**Aim of the task**
Please reproduce the data exactly and omit the pictures.

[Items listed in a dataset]
· · · ·
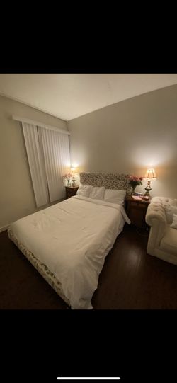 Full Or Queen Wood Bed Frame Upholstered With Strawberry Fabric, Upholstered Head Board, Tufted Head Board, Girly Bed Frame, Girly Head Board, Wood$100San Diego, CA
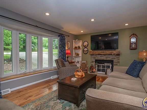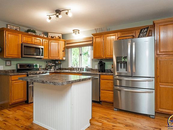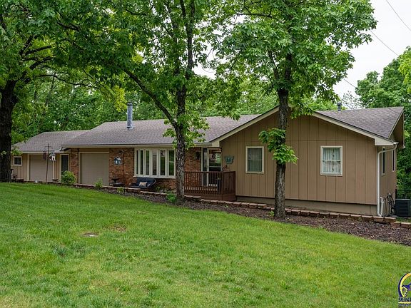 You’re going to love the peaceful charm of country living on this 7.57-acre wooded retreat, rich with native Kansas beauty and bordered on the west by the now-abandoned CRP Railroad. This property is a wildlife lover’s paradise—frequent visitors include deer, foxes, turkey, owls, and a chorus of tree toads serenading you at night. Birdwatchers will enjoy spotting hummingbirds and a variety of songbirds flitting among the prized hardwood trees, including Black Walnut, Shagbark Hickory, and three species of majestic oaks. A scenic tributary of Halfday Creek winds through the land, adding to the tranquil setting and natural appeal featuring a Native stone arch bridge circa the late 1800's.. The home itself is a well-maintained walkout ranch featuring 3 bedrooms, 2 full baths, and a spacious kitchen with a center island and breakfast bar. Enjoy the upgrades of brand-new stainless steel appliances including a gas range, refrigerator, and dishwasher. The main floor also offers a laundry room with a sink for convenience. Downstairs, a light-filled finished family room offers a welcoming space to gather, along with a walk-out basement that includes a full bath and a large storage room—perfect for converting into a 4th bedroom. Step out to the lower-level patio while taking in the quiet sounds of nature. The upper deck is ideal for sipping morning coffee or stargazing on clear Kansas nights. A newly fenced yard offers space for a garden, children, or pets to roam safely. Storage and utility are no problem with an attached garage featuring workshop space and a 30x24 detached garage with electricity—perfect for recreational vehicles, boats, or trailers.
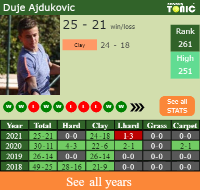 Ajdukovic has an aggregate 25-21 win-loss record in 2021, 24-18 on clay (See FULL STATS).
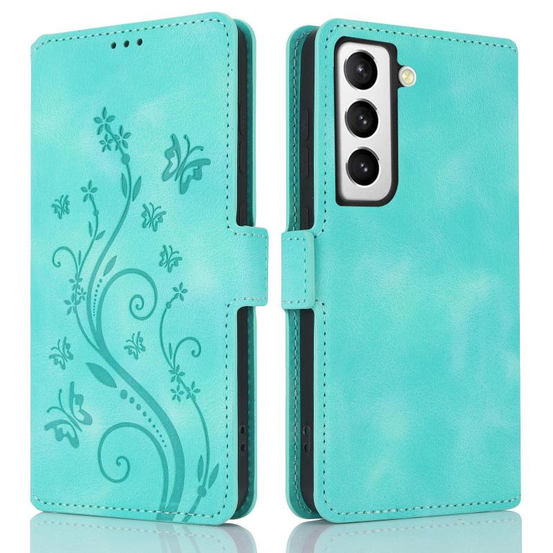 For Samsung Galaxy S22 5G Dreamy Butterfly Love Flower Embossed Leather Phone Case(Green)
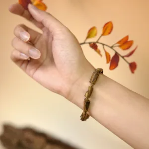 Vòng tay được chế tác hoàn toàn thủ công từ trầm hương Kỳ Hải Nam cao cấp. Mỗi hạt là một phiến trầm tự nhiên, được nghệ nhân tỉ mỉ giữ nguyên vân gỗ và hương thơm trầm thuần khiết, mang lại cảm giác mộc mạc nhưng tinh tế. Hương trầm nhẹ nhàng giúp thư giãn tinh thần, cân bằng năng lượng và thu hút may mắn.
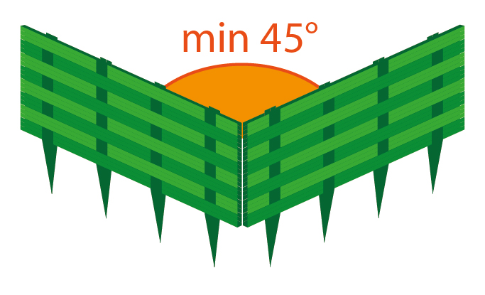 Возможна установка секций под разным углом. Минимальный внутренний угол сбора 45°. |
· · · ·
**Problem solution**
 Full Or Queen Wood Bed Frame Upholstered With Strawberry Fabric, Upholstered Head Board, Tufted Head Board, Girly Bed Frame, Girly Head Board, Wood$100San Diego, CA
 You’re going to love the peaceful charm of country living on this 7.57-acre wooded retreat, rich with native Kansas beauty and bordered on the west by the now-abandoned CRP Railroad. This property is a wildlife lover’s paradise—frequent visitors include deer, foxes, turkey, owls, and a chorus of tree toads serenading you at night. Birdwatchers will enjoy spotting hummingbirds and a variety of songbirds flitting among the prized hardwood trees, including Black Walnut, Shagbark Hickory, and three species of majestic oaks. A scenic tributary of Halfday Creek winds through the land, adding to the tranquil setting and natural appeal featuring a Native stone arch bridge circa the late 1800's.. The home itself is a well-maintained walkout ranch featuring 3 bedrooms, 2 full baths, and a spacious kitchen with a center island and breakfast bar. Enjoy the upgrades of brand-new stainless steel appliances including a gas range, refrigerator, and dishwasher. The main floor also offers a laundry room with a sink for convenience. Downstairs, a light-filled finished family room offers a welcoming space to gather, along with a walk-out basement that includes a full bath and a large storage room—perfect for converting into a 4th bedroom. Step out to the lower-level patio while taking in the quiet sounds of nature. The upper deck is ideal for sipping morning coffee or stargazing on clear Kansas nights. A newly fenced yard offers space for a garden, children, or pets to roam safely. Storage and utility are no problem with an attached garage featuring workshop space and a 30x24 detached garage with electricity—perfect for recreational vehicles, boats, or trailers.
 Ajdukovic has an aggregate 25-21 win-loss record in 2021, 24-18 on clay (See FULL STATS).
 For Samsung Galaxy S22 5G Dreamy Butterfly Love Flower Embossed Leather Phone Case(Green)
 Vòng tay được chế tác hoàn toàn thủ công từ trầm hương Kỳ Hải Nam cao cấp. Mỗi hạt là một phiến trầm tự nhiên, được nghệ nhân tỉ mỉ giữ nguyên vân gỗ và hương thơm trầm thuần khiết, mang lại cảm giác mộc mạc nhưng tinh tế. Hương trầm nhẹ nhàng giúp thư giãn tinh thần, cân bằng năng lượng và thu hút may mắn.
 Возможна установка секций под разным углом. Минимальный внутренний угол сбора 45°. |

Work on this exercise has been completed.